[Opening Provided information section]

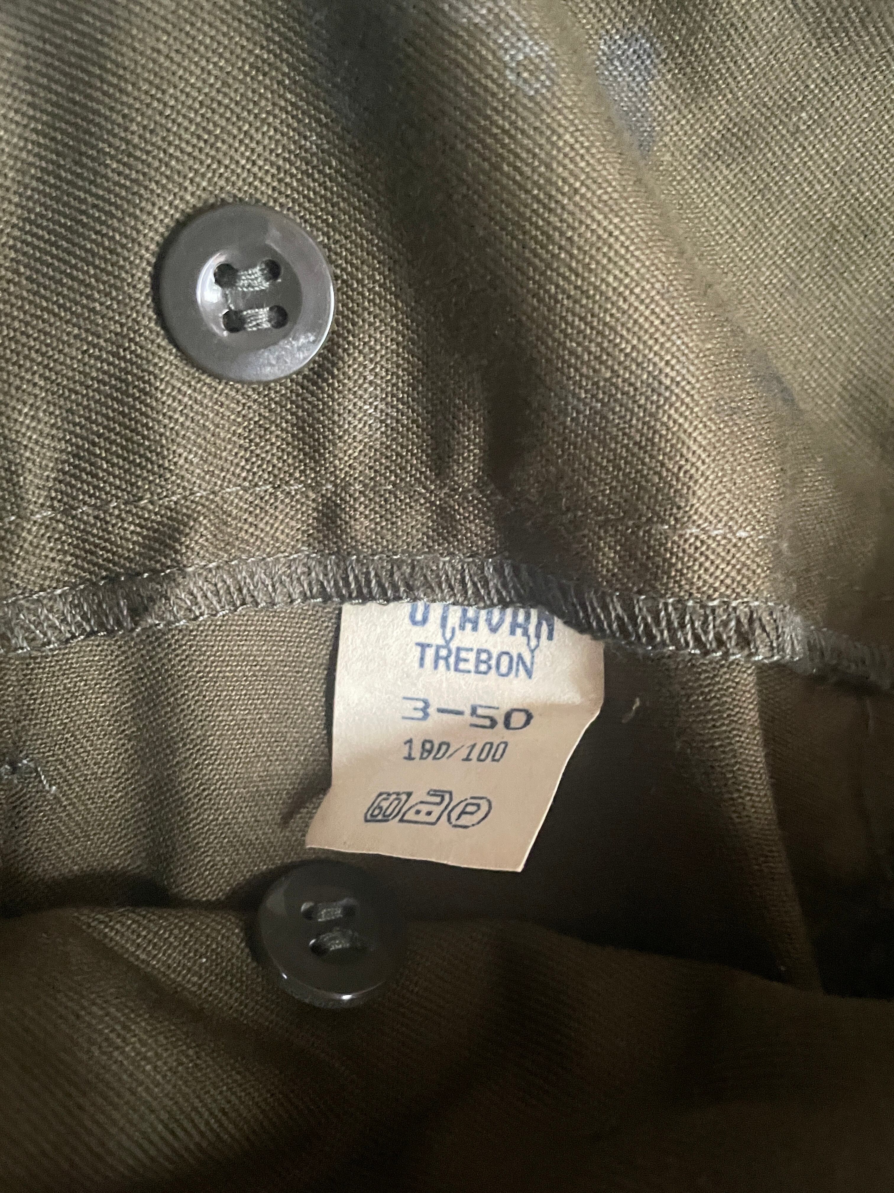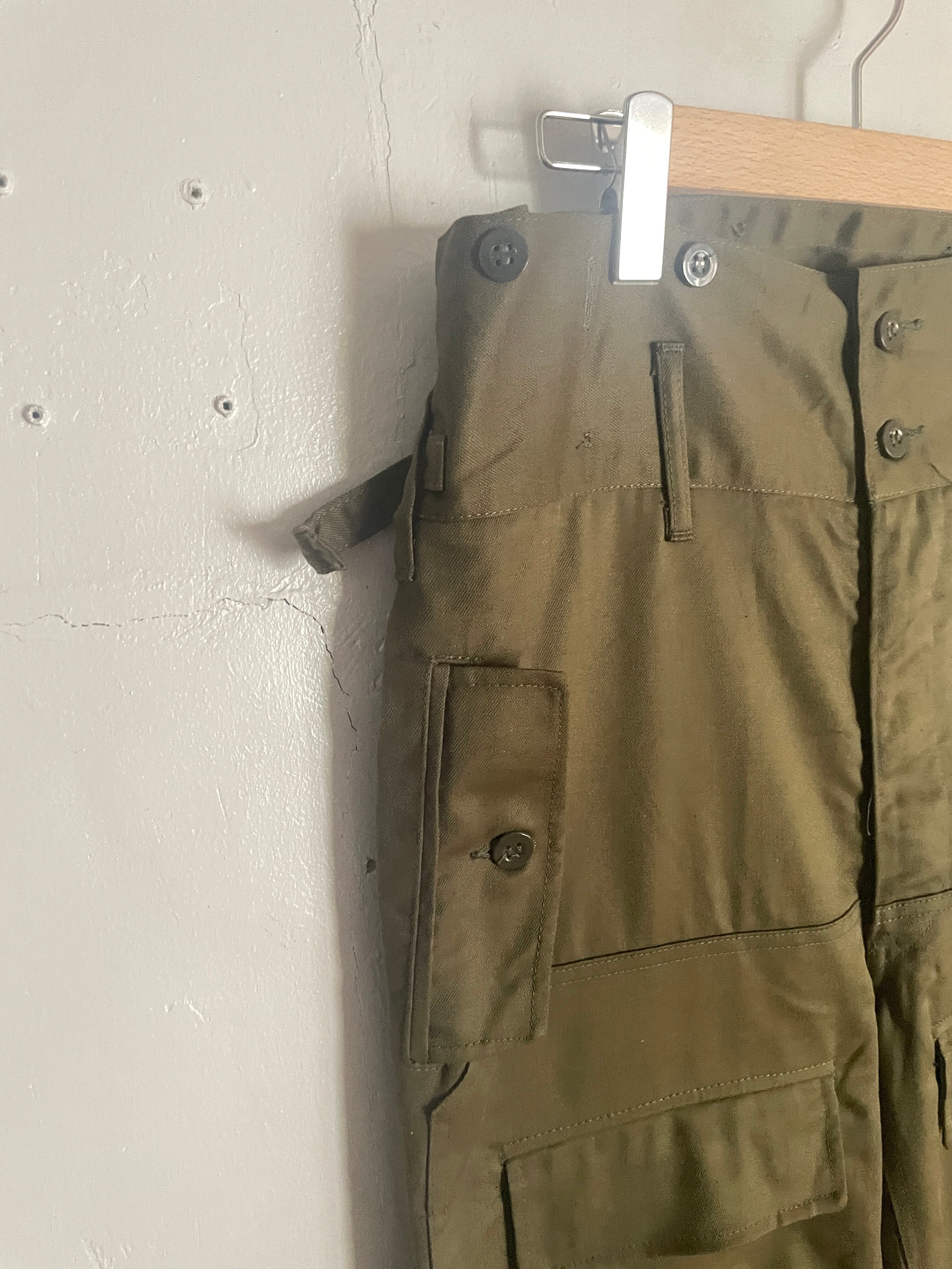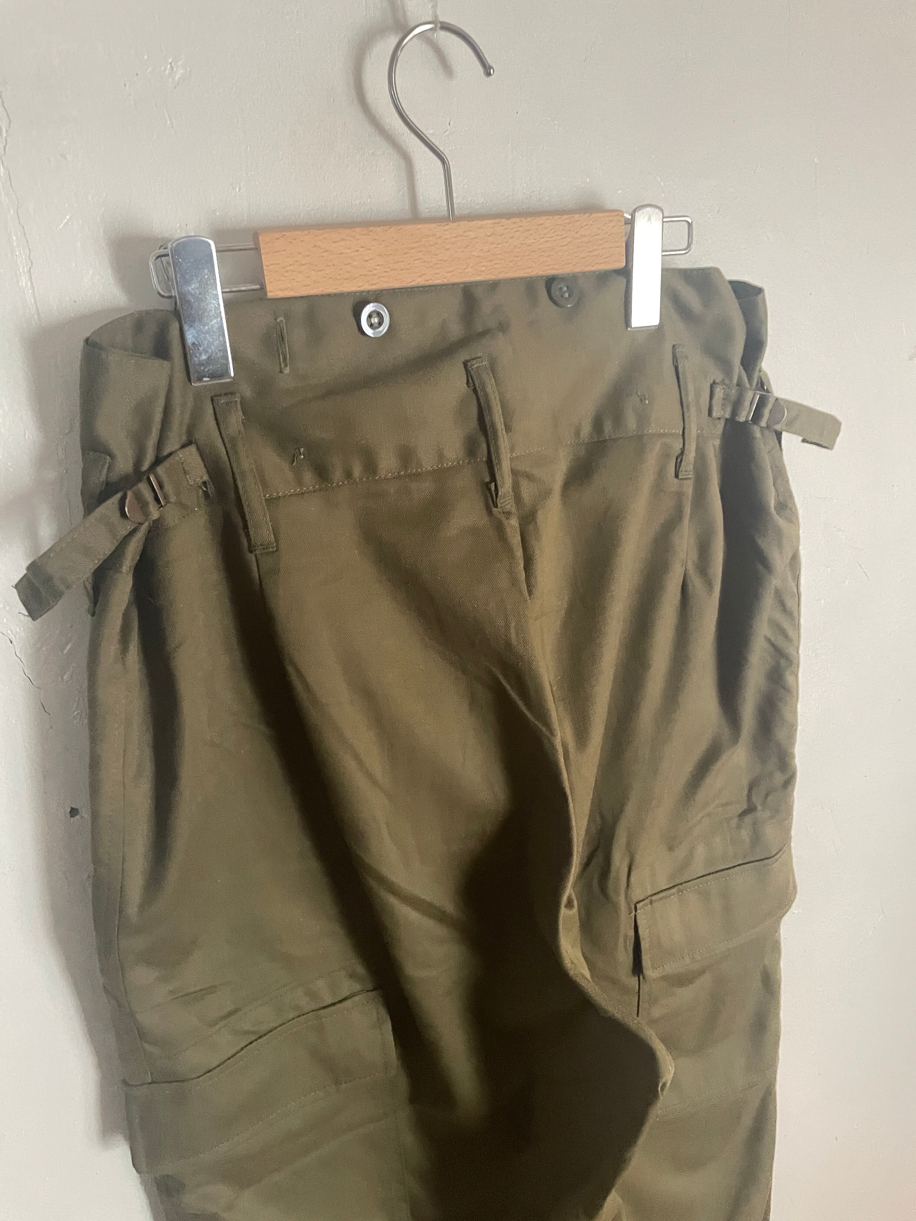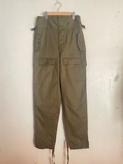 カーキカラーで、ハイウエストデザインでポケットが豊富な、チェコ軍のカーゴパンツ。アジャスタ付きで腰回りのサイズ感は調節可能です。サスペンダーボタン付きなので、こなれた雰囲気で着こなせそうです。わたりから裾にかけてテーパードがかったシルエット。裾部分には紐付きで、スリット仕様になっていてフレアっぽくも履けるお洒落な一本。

[Closing Provided information section]
[Opening Provided information section]

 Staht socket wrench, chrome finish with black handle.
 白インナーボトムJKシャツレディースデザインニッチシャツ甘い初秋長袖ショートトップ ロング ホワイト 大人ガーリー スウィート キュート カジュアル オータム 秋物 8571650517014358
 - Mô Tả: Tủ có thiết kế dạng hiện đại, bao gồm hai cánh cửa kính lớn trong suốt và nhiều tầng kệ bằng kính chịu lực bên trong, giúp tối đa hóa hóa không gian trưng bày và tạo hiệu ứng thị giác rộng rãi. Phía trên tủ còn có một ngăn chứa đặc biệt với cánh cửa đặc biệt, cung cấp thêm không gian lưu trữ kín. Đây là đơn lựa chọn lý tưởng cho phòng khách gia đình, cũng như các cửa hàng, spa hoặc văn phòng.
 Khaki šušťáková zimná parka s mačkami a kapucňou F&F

[Closing Provided information section]
[Opening Provided information section]

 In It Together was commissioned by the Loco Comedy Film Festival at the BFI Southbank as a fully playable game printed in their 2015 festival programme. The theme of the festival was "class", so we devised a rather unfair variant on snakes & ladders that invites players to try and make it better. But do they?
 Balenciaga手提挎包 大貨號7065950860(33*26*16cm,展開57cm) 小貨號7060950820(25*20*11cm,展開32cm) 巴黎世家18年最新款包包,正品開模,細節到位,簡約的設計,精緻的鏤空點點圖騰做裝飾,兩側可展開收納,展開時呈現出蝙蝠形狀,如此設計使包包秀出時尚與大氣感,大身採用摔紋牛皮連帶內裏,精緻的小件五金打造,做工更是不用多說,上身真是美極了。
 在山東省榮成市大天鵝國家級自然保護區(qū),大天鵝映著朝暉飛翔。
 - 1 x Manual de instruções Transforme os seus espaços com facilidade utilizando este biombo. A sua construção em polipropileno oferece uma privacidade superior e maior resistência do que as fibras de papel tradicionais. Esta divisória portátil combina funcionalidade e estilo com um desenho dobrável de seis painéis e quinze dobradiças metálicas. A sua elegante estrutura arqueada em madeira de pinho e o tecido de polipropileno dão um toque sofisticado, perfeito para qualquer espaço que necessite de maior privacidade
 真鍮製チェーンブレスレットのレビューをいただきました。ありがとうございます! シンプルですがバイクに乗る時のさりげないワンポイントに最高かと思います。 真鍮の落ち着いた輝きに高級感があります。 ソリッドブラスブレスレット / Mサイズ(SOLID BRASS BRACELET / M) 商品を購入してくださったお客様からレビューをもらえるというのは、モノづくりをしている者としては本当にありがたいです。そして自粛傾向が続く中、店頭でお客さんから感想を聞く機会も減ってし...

[Closing Provided information section]

Activity:
Write out exactly the lines above from the line with "Staht socket wrench, chrome" through the line with "白インナーボトムJKシャツレディースデザインニッチシャツ甘い初秋長袖ショートトップ ロング ホワイト", both of them included, and leave out all other lines.

Task response:
 Staht socket wrench, chrome finish with black handle.
 白インナーボトムJKシャツレディースデザインニッチシャツ甘い初秋長袖ショートトップ ロング ホワイト 大人ガーリー スウィート キュート カジュアル オータム 秋物 8571650517014358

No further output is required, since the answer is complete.